Records from a data source:
##############################

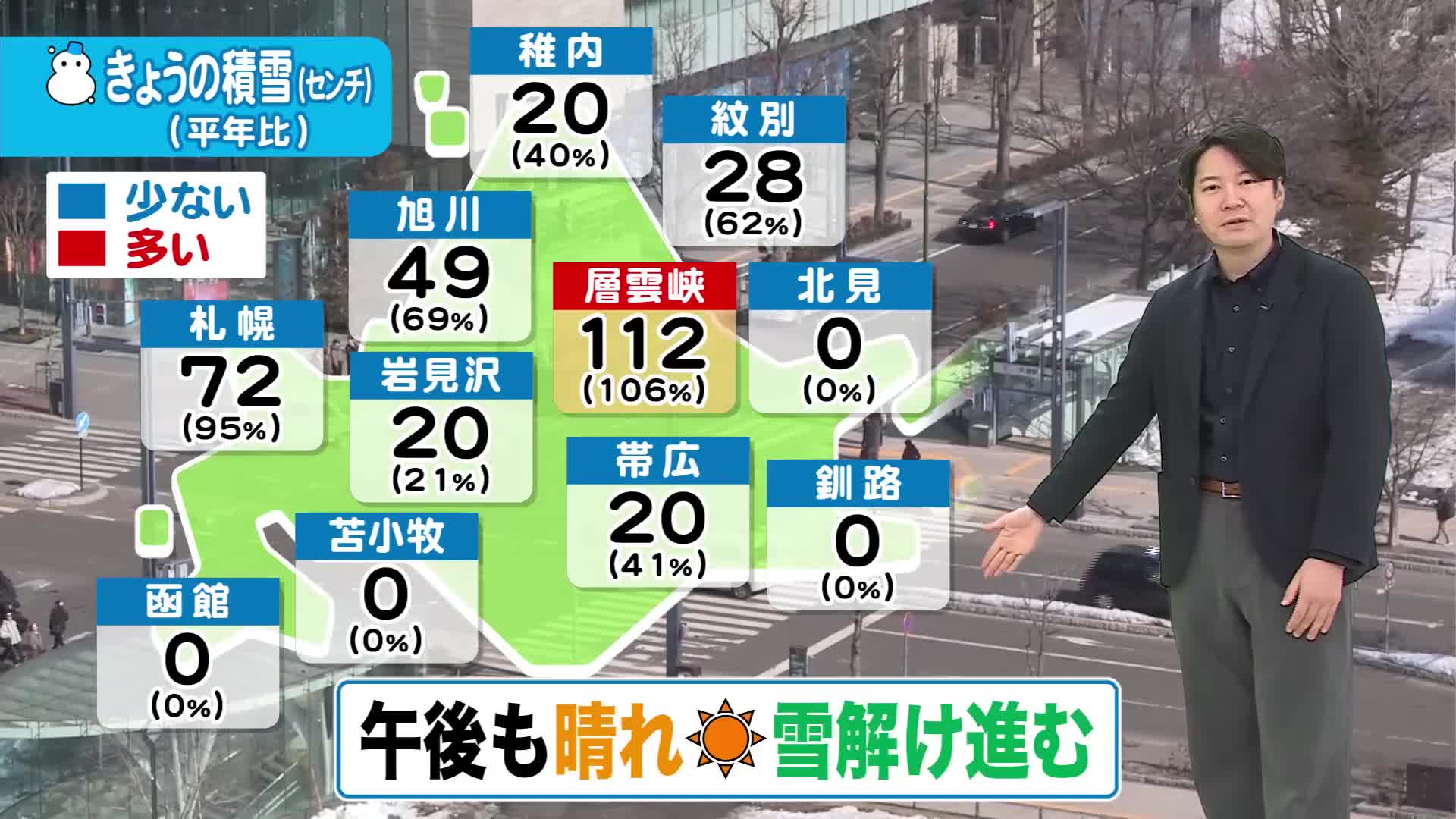 岩見沢は20センチで平年の21%。札幌は72センチで、平年の95%です。
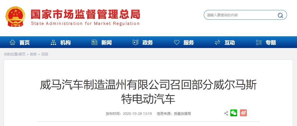 中國質量新聞網(wǎng)訊 據(jù)國家市場監(jiān)督管理總局網(wǎng)站2020年10月28日消息,日前,威馬汽車制造溫州有限公司根據(jù)《缺陷汽車產(chǎn)品召回管理條例》和《缺陷汽車產(chǎn)品召回管理條例實施辦法》的要求,向國家市場監(jiān)督管理總局備案了召回計劃。決定自2020年10月28日起,召回2020年6月8日至2020年9月23日生產(chǎn)的,裝備了電芯型號為ZNP3914895A-75A的動力電池的部分2020款威爾馬斯特電動汽車,共計1282輛。
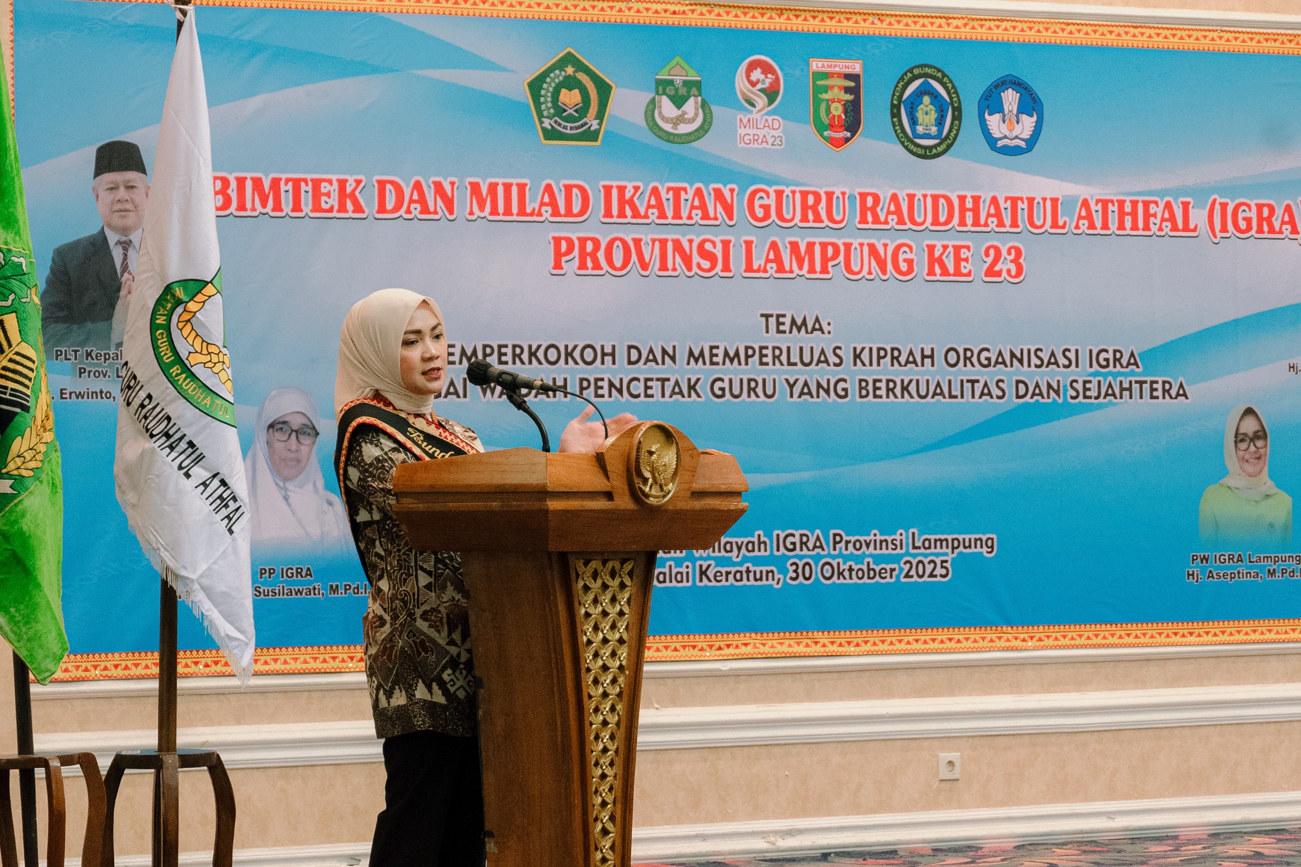 Kegiatan ini digelar dalam rangka memperingati Milad Ikatan Guru Raudhatul Athfal (IGRA) ke-23, bertempat di Balai Keratun Lantai III, Komplek Kantor Gubernur, Kamis (30/10/2025).
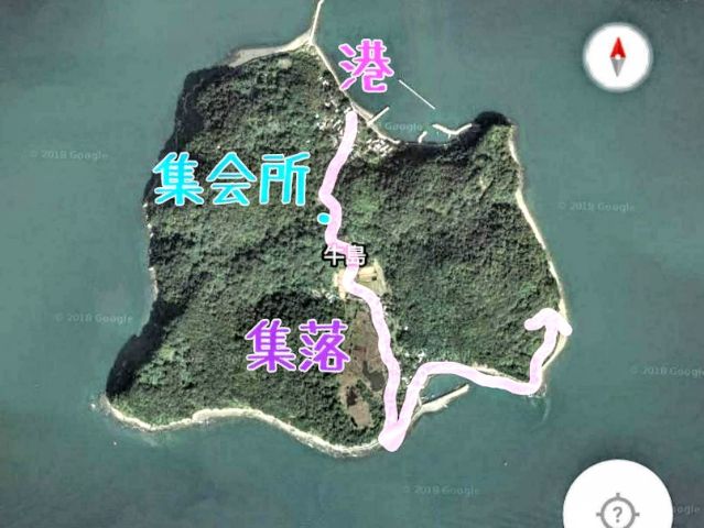 集会所から少し進むと、集落が見えてきました。牛島の集落は港から離れたところにあるのです。
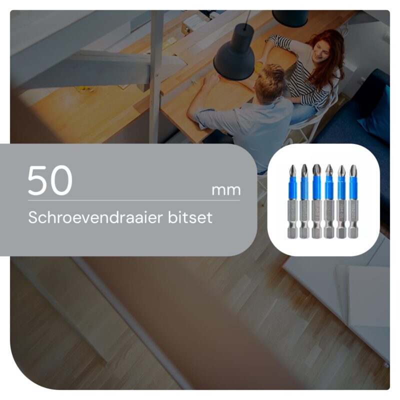 Schroevendraaier bitset 50mm – Magnetisch – S2 – PH1/PH2/PH3/PZ1/PZ2/PZ3 – Anti-slip
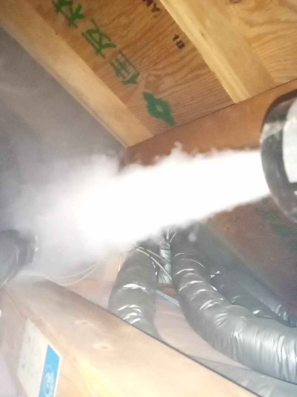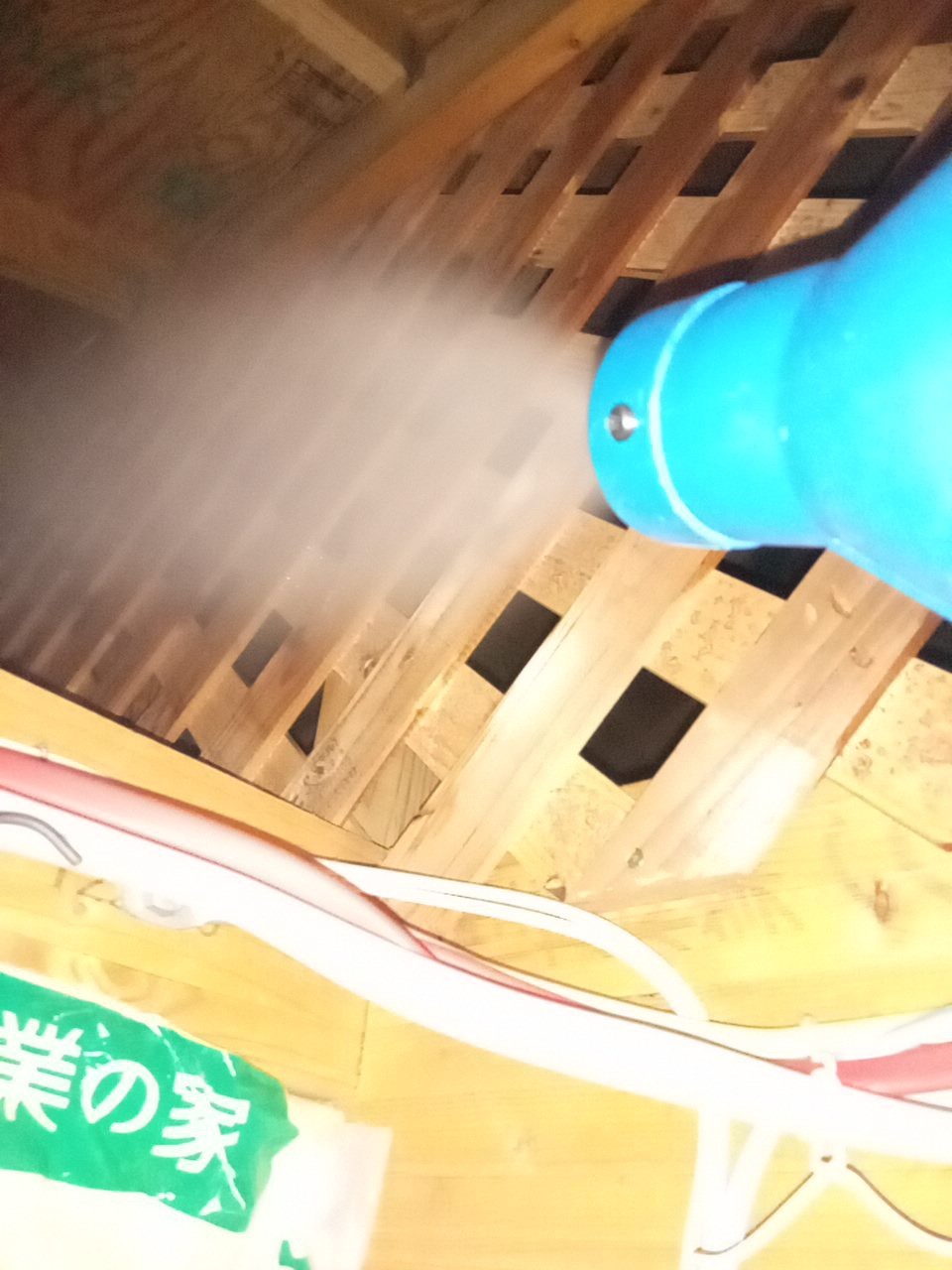 まずは、燻煙剤と呼ばれる薬剤を天井裏や床下に投入することで、コウモリを追い出していきます。
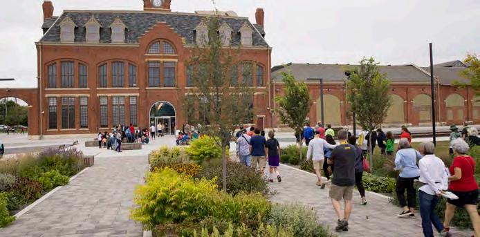The Pullman National Historical Park is an architectural treasure of Chicago’s South Side. Building off of the 2015 Positioning Pullman vision, the Pullman National Historical Park Visitor Center and grounds rehabilitated the historic and iconic Pullman administrative building and factory grounds into a vibrant new public space. The site design features an interpretative landscape within The Front Lawn, an interpretive corridor in the historic rail Transfer Pit, where hardscape and planting palettes are designed around archaeological relics, and The Park, a flexible event and gathering space built around the historic footprint of the rear-erecting shops.
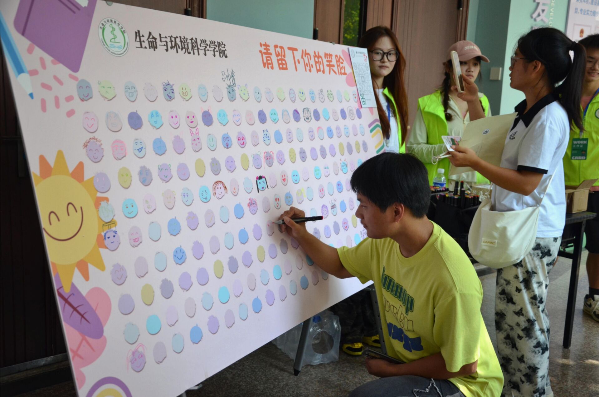 本次迎新中,学校别出心裁,用新生名字制作宣传板。各学院还精心为家长和新生们准备了特色“打卡”地。合影拍照框、拍照手举牌、签名墙等,吸引许多新生前来打卡留念。

##############################

Exercise requirements:
Copy all of the entries verbatim, leaving out any pictures they contain.

Result of this task:
 岩見沢は20センチで平年の21%。札幌は72センチで、平年の95%です。
 中國質量新聞網(wǎng)訊 據(jù)國家市場監(jiān)督管理總局網(wǎng)站2020年10月28日消息,日前,威馬汽車制造溫州有限公司根據(jù)《缺陷汽車產(chǎn)品召回管理條例》和《缺陷汽車產(chǎn)品召回管理條例實施辦法》的要求,向國家市場監(jiān)督管理總局備案了召回計劃。決定自2020年10月28日起,召回2020年6月8日至2020年9月23日生產(chǎn)的,裝備了電芯型號為ZNP3914895A-75A的動力電池的部分2020款威爾馬斯特電動汽車,共計1282輛。
 Kegiatan ini digelar dalam rangka memperingati Milad Ikatan Guru Raudhatul Athfal (IGRA) ke-23, bertempat di Balai Keratun Lantai III, Komplek Kantor Gubernur, Kamis (30/10/2025).
 集会所から少し進むと、集落が見えてきました。牛島の集落は港から離れたところにあるのです。
 Schroevendraaier bitset 50mm – Magnetisch – S2 – PH1/PH2/PH3/PZ1/PZ2/PZ3 – Anti-slip
 まずは、燻煙剤と呼ばれる薬剤を天井裏や床下に投入することで、コウモリを追い出していきます。
The Pullman National Historical Park is an architectural treasure of Chicago’s South Side. Building off of the 2015 Positioning Pullman vision, the Pullman National Historical Park Visitor Center and grounds rehabilitated the historic and iconic Pullman administrative building and factory grounds into a vibrant new public space. The site design features an interpretative landscape within The Front Lawn, an interpretive corridor in the historic rail Transfer Pit, where hardscape and planting palettes are designed around archaeological relics, and The Park, a flexible event and gathering space built around the historic footprint of the rear-erecting shops.
 本次迎新中,学校别出心裁,用新生名字制作宣传板。各学院还精心为家长和新生们准备了特色“打卡”地。合影拍照框、拍照手举牌、签名墙等,吸引许多新生前来打卡留念。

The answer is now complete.